Before appealing, review your insurance plan's summary of benefits and coverage. Look for sections on behavioral health, autism treatment, or ABA therapy. Many employer-sponsored plans and individual market plans cover ABA, but with specific requirements.

Know Your Rights Under the Law

Under the Mental Health Parity and Addiction Equity Act (MHPAEA), insurance plans that offer mental health benefits must provide coverage for behavioral health treatments like ABA at a level comparable to medical/surgical benefits. Additionally, many states have autism insurance mandates. For example, California, New York, Texas, Illinois, and over 45 other states have laws requiring certain health plans to cover ABA therapy for autism. Check your state's mandate online. If your plan is fully insured (not self-funded), state law applies. Self-funded plans are regulated by federal law, but parity still applies.

If your child is covered by Medicaid, ABA is typically covered as an Early and Periodic Screening, Diagnostic and Treatment (EPSDT) benefit for children under 21. Each state administers its own Medicaid program, so coverage details vary. Contact your state's Medicaid office or managed care plan for specifics.

Step-by-Step Guide to Filing an Appeal

Filing an appeal is a structured process. Follow these steps carefully to maximize your chances of overturning the denial.

Step 1: Review the Denial Letter

Note the deadline for filing an appeal. Most plans allow 180 days from the date of denial, but some are shorter. Mark your calendar. Also note the specific denial reason and any policy language cited. This will guide your response.

Step 2: Gather Supporting Documentation

Collect evidence that demonstrates the medical necessity of ABA therapy for your child. This includes:

  • A letter from your BCBA describing the diagnosis, the treatment plan, goals, progress to date, and why ABA is essential. Ask them to address the specific denial reason.
  • A letter from your child's pediatrician or developmental specialist supporting the need for ABA and explaining how it fits into the overall treatment plan.
  • Medical records including the diagnostic evaluation, treatment notes, and any assessments (e.g., VB-MAPP, ABLLS-R).
  • Research articles that show ABA is an evidence-based treatment for autism. The Surgeon General and the American Academy of Pediatrics endorse ABA. Print relevant summaries.
  • Any prior authorization letters or correspondence with the insurance company.

Step 3: Write Your Appeal Letter

Your appeal letter is the centerpiece of your case. Keep it clear, factual, and respectful. Address it to the insurance company's appeals department. Include:

  • Your name, policy number, and claim number.
  • The date of the denial letter and the specific reason given.
  • A statement that you are appealing the decision and requesting coverage for ABA therapy.
  • A paragraph explaining why ABA is medically necessary for your child, referencing the supporting documents.
  • If the denial was for lack of prior authorization, explain any circumstances that prevented you from obtaining it and request a retroactive authorization.
  • A request for a peer-to-peer review if appropriate.
  • Your contact information and a request for a written response.

Attach all supporting documents and keep copies for your records. Send the letter via certified mail or through the insurance company's online portal, and confirm receipt.

Step 4: Submit the Appeal

Follow your insurance plan's instructions for submitting an appeal. Some plans require you to use their online system, while others accept mail or fax. Make sure you meet the deadline. If you are unsure, call the customer service number and ask for the appeals department.

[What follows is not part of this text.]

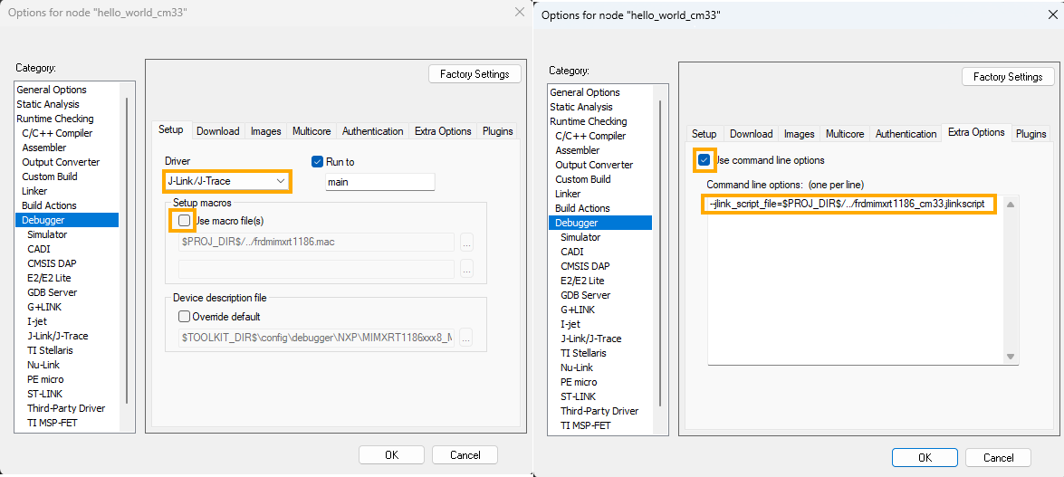 Both CMSIS-DAP and J-Link debugging interfaces are supported for IAR IDE. Though not mandatory, it is recommended to reset board for each download/debug.
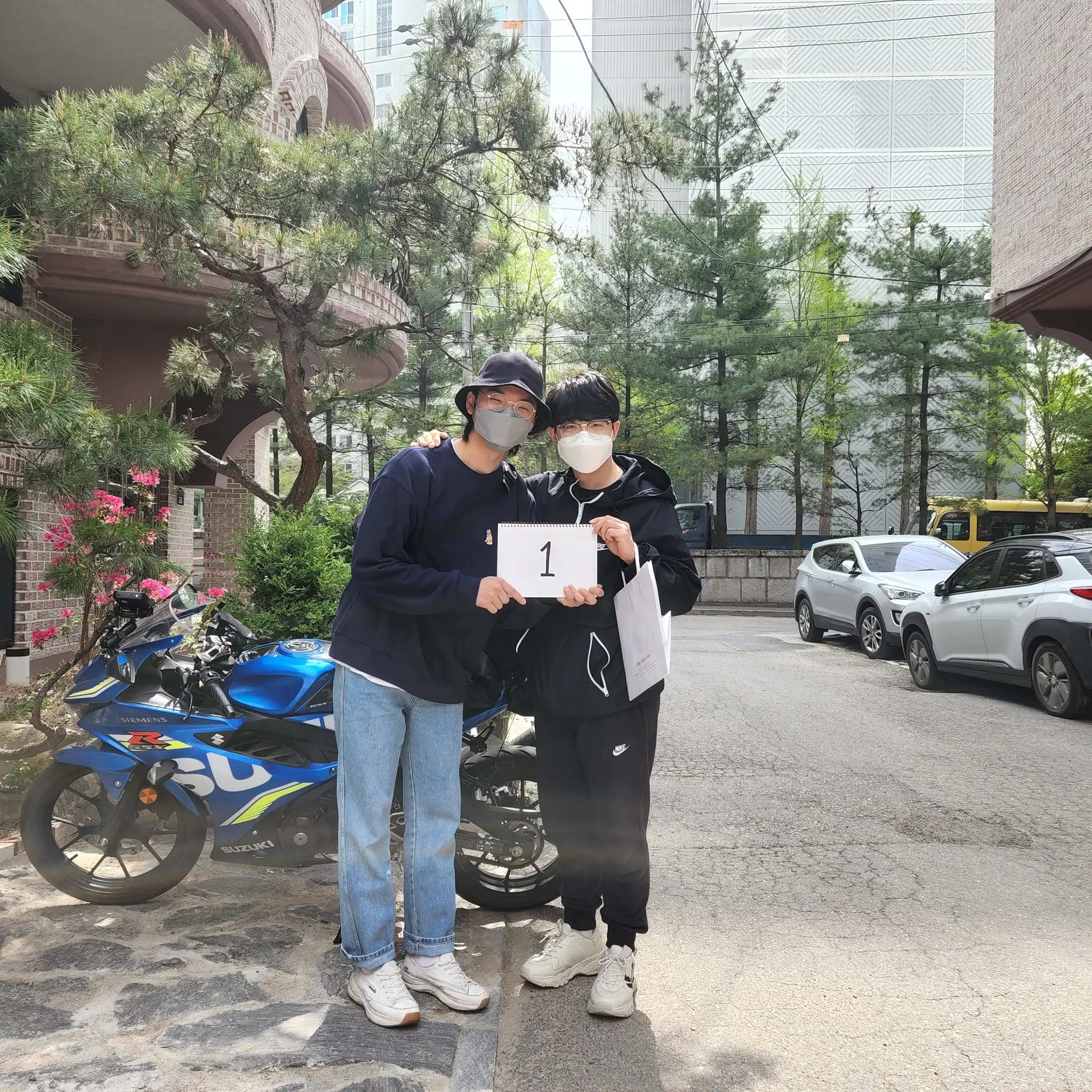 양재에서 꼬박 한시간 더 운전을 하고 수원에 무사히 도착해서 밥 먹으러 가려고 길가에 바이크를 잠깐 세워두었는데, 바이크에 달려있는 아주 비싼 보조배터리를 누가 홀랑 훔쳐가버렸더라고! 첫날부터 손해를 봐서 기분이 찝찝했지만, 이 친구가 고맙게도 자기 자취방에서 자고 가도 좋다고 해서 숙박비인 셈 치기로 마음먹었어. 청하에 육회도 맘편히 먹을 수 있었던 첫날이 됐어.

Step 5: Follow Up and Request a Peer-to-Peer Review

After submitting, follow up within two weeks to confirm your appeal is being processed. If the denial reason is clinical (e.g., not medically necessary), request a peer-to-peer review. This is a conversation between your child's BCBA or doctor and a medical director at the insurance company. Many denials are overturned during this call because the provider can explain the clinical rationale directly.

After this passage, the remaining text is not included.